*What you have to do:*
Leaving all pictures aside, copy exactly the lines from the start of the listing below through the line that contains "Технология заливки в", and only those lines.

*Source data:*
☆ ☆ ☆ ☆ ☆ ☆ ☆
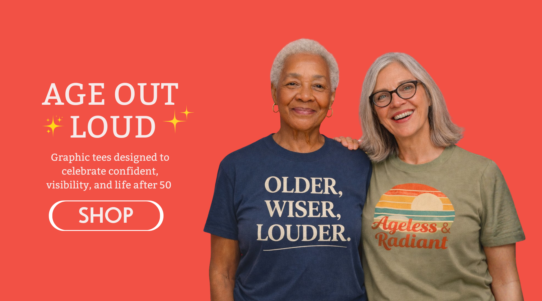 We ship everywhere—because women are aging out loud on every continent. Shipping rates depend on where you're located, so check our shipping policy for the details that apply to you. Wherever you are, we'll get our message (and your new favorite tee) to your door.
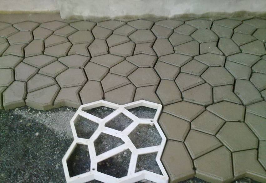 Технология заливки в форму-опалубку — самый простой и наименее трудоёмкий способ изготовления тротуарной плитки. Изделия отливаются прямо на месте использования поверх утрамбованного грунта, поэтому никаких усилий на сушку и перемещение плит тратить не приходится. Поскольку форма снимается пока бетон застыл не полностью, можно пользоваться только одной формой и готовить небольшие порции раствора в ведре строительным миксером (без бетономешалки). Форму также можно заливать не полностью, формируя аккуратные изгибы садовой дорожки.
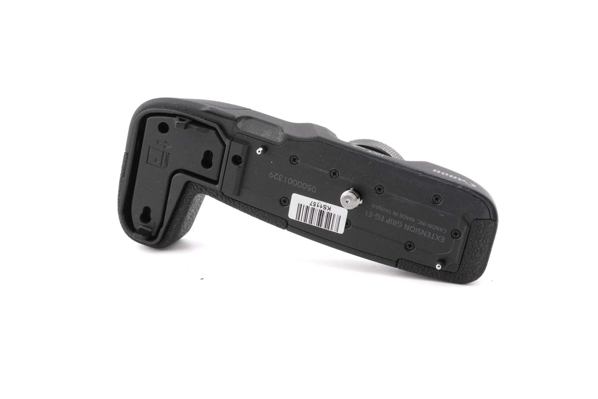 Extension grip made for R-mount digital mirrorless cameras by Canon. It fits the EOS RP specifically. It doesn't add any electronic functionality but slightly extends the bottom grip, possibly making the camera more comfortable to hold. Putting it on the camera requires removing the camera's battery door. Plastic body available in black.
☆ ☆ ☆ ☆ ☆ ☆ ☆
*Your solution:*
 We ship everywhere—because women are aging out loud on every continent. Shipping rates depend on where you're located, so check our shipping policy for the details that apply to you. Wherever you are, we'll get our message (and your new favorite tee) to your door.
 Технология заливки в форму-опалубку — самый простой и наименее трудоёмкий способ изготовления тротуарной плитки. Изделия отливаются прямо на месте использования поверх утрамбованного грунта, поэтому никаких усилий на сушку и перемещение плит тратить не приходится. Поскольку форма снимается пока бетон застыл не полностью, можно пользоваться только одной формой и готовить небольшие порции раствора в ведре строительным миксером (без бетономешалки). Форму также можно заливать не полностью, формируя аккуратные изгибы садовой дорожки.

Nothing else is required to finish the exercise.